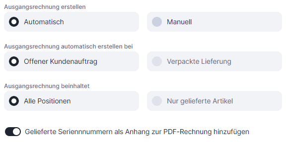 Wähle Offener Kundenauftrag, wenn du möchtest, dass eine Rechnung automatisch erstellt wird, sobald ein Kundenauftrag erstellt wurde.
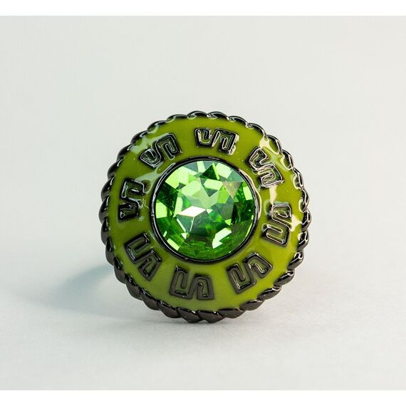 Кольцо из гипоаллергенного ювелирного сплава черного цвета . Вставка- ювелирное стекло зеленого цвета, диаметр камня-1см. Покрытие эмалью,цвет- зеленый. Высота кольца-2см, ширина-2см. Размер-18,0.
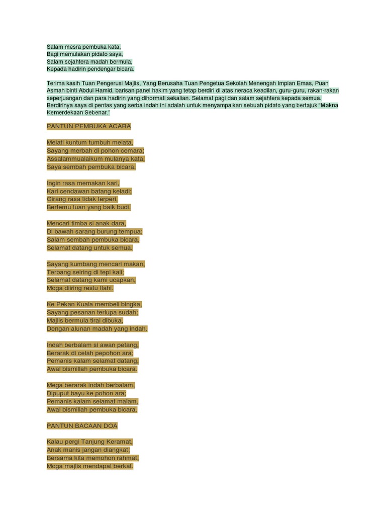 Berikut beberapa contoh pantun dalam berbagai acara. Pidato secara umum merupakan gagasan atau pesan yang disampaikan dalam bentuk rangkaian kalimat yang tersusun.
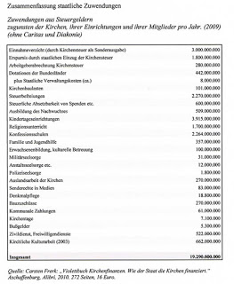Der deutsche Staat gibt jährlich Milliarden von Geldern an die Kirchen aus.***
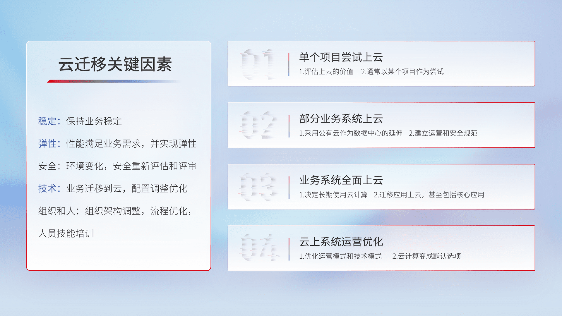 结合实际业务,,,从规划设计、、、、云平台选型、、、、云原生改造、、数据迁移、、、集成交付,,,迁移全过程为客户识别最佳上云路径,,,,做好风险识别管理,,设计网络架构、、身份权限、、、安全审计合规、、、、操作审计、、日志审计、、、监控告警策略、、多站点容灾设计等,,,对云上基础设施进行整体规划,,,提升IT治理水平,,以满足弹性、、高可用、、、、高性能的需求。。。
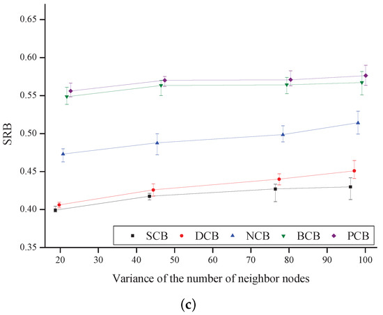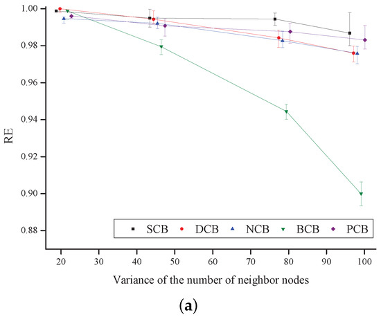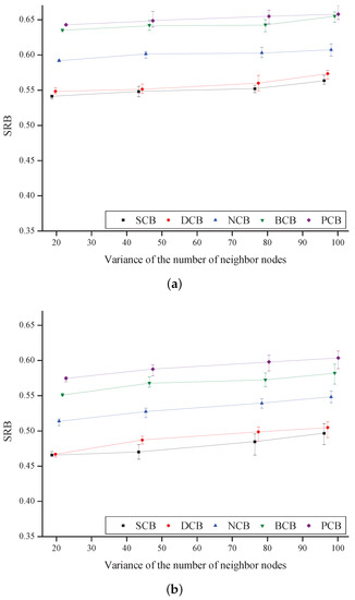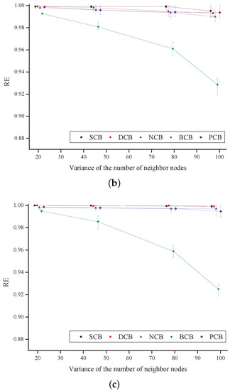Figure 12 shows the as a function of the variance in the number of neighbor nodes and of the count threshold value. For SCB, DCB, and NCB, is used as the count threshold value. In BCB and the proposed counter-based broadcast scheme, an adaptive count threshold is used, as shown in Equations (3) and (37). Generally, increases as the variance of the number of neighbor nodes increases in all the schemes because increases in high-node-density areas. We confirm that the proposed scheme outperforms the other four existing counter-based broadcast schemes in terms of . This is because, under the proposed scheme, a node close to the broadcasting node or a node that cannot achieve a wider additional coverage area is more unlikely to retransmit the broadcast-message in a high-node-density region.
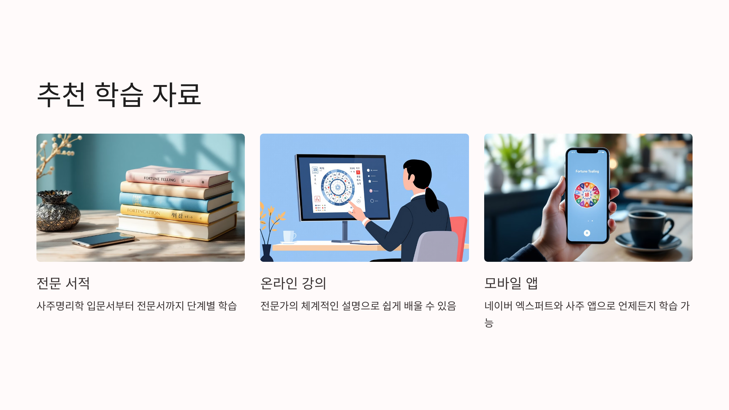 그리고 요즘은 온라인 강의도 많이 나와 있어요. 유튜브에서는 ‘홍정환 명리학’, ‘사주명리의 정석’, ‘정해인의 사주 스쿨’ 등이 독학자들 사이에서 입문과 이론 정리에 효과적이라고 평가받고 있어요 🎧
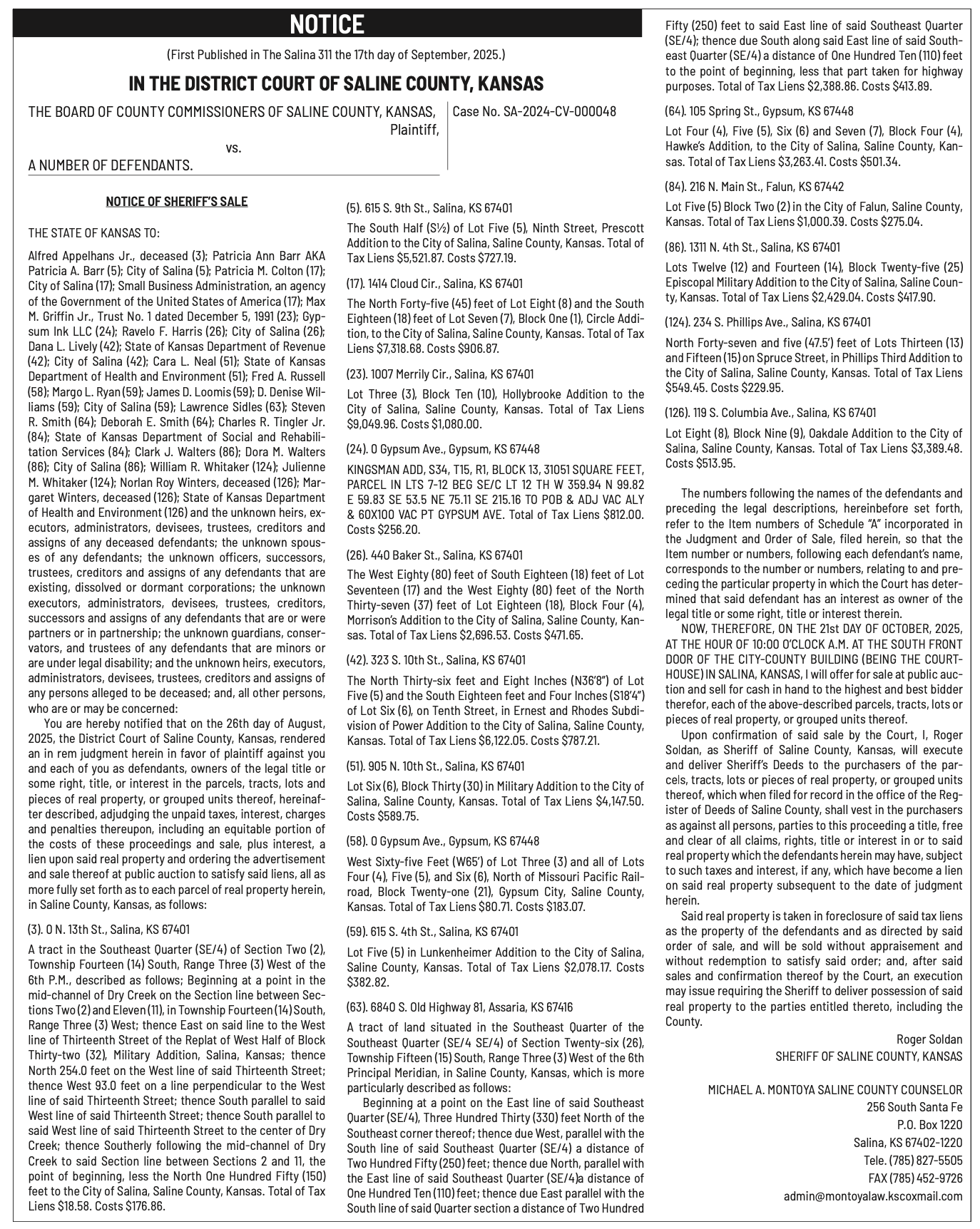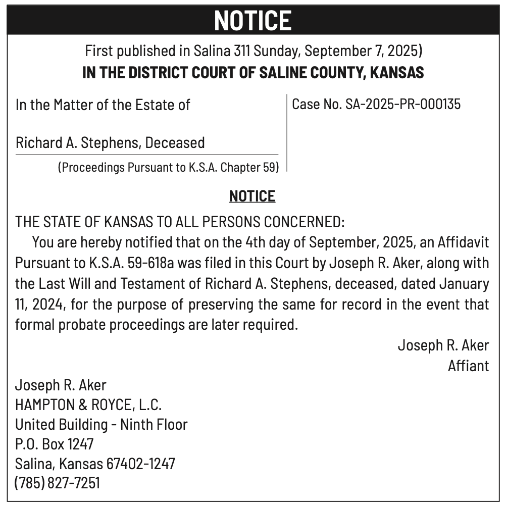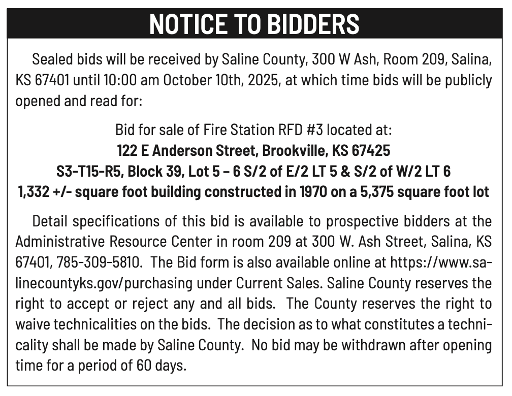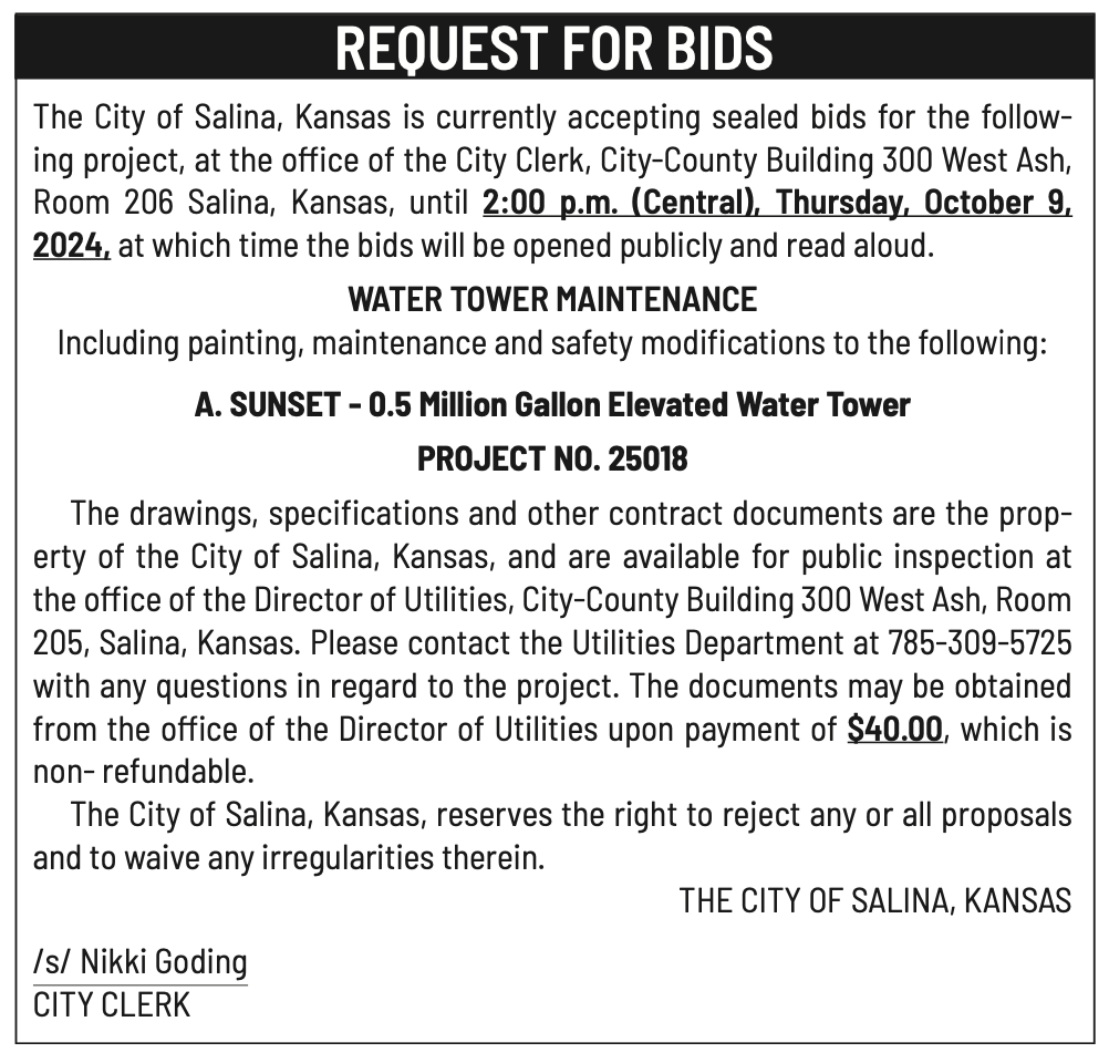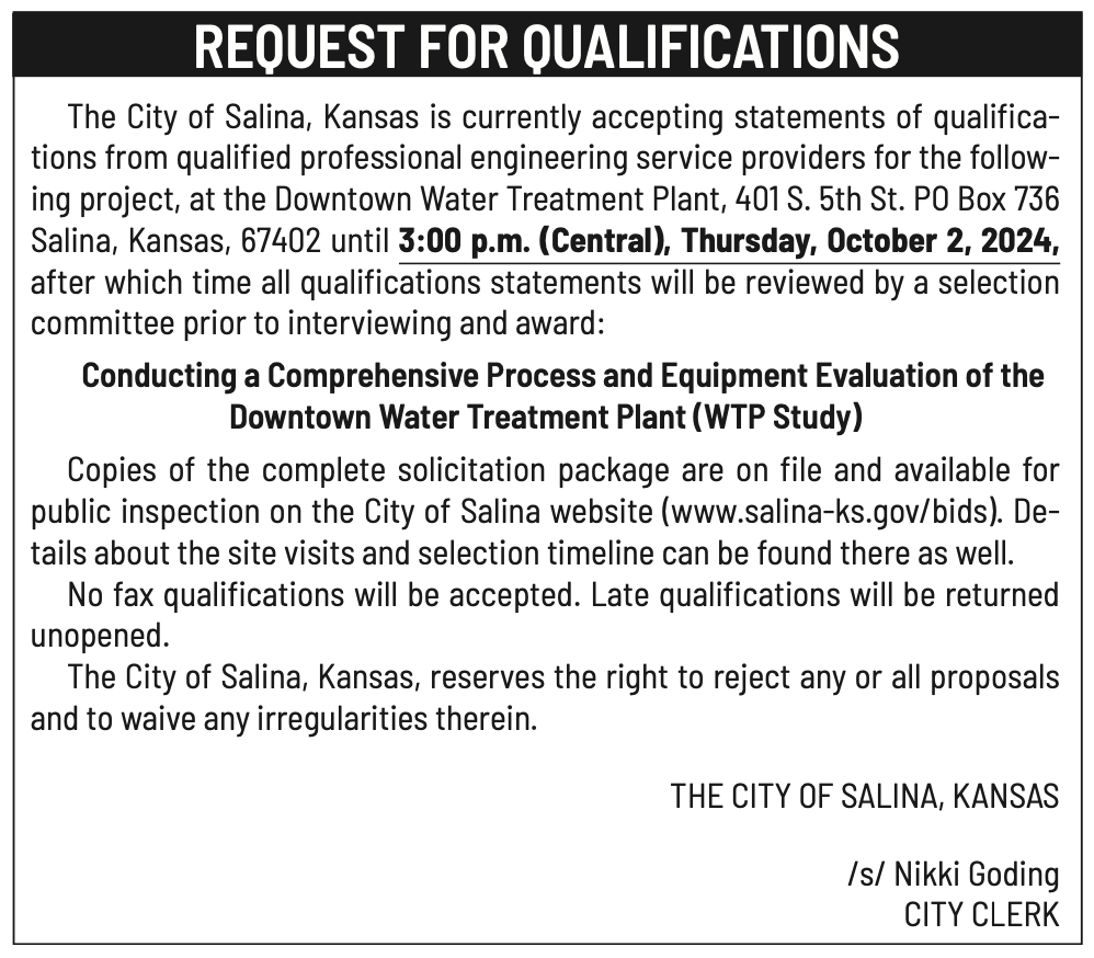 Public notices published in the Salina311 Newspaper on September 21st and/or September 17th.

======

* [Activity]
With all pictures omitted, repeat every record above word for word.

* [Answer for the task]
 Wähle Offener Kundenauftrag, wenn du möchtest, dass eine Rechnung automatisch erstellt wird, sobald ein Kundenauftrag erstellt wurde.
 Кольцо из гипоаллергенного ювелирного сплава черного цвета . Вставка- ювелирное стекло зеленого цвета, диаметр камня-1см. Покрытие эмалью,цвет- зеленый. Высота кольца-2см, ширина-2см. Размер-18,0.
 Berikut beberapa contoh pantun dalam berbagai acara. Pidato secara umum merupakan gagasan atau pesan yang disampaikan dalam bentuk rangkaian kalimat yang tersusun.
Der deutsche Staat gibt jährlich Milliarden von Geldern an die Kirchen aus.***
 结合实际业务,,,从规划设计、、、、云平台选型、、、、云原生改造、、数据迁移、、、集成交付,,,迁移全过程为客户识别最佳上云路径,,,,做好风险识别管理,,设计网络架构、、身份权限、、、安全审计合规、、、、操作审计、、日志审计、、、监控告警策略、、多站点容灾设计等,,,对云上基础设施进行整体规划,,,提升IT治理水平,,以满足弹性、、高可用、、、、高性能的需求。。。
Figure 12 shows the as a function of the variance in the number of neighbor nodes and of the count threshold value. For SCB, DCB, and NCB, is used as the count threshold value. In BCB and the proposed counter-based broadcast scheme, an adaptive count threshold is used, as shown in Equations (3) and (37). Generally, increases as the variance of the number of neighbor nodes increases in all the schemes because increases in high-node-density areas. We confirm that the proposed scheme outperforms the other four existing counter-based broadcast schemes in terms of . This is because, under the proposed scheme, a node close to the broadcasting node or a node that cannot achieve a wider additional coverage area is more unlikely to retransmit the broadcast-message in a high-node-density region.
 그리고 요즘은 온라인 강의도 많이 나와 있어요. 유튜브에서는 ‘홍정환 명리학’, ‘사주명리의 정석’, ‘정해인의 사주 스쿨’ 등이 독학자들 사이에서 입문과 이론 정리에 효과적이라고 평가받고 있어요 🎧
 Public notices published in the Salina311 Newspaper on September 21st and/or September 17th.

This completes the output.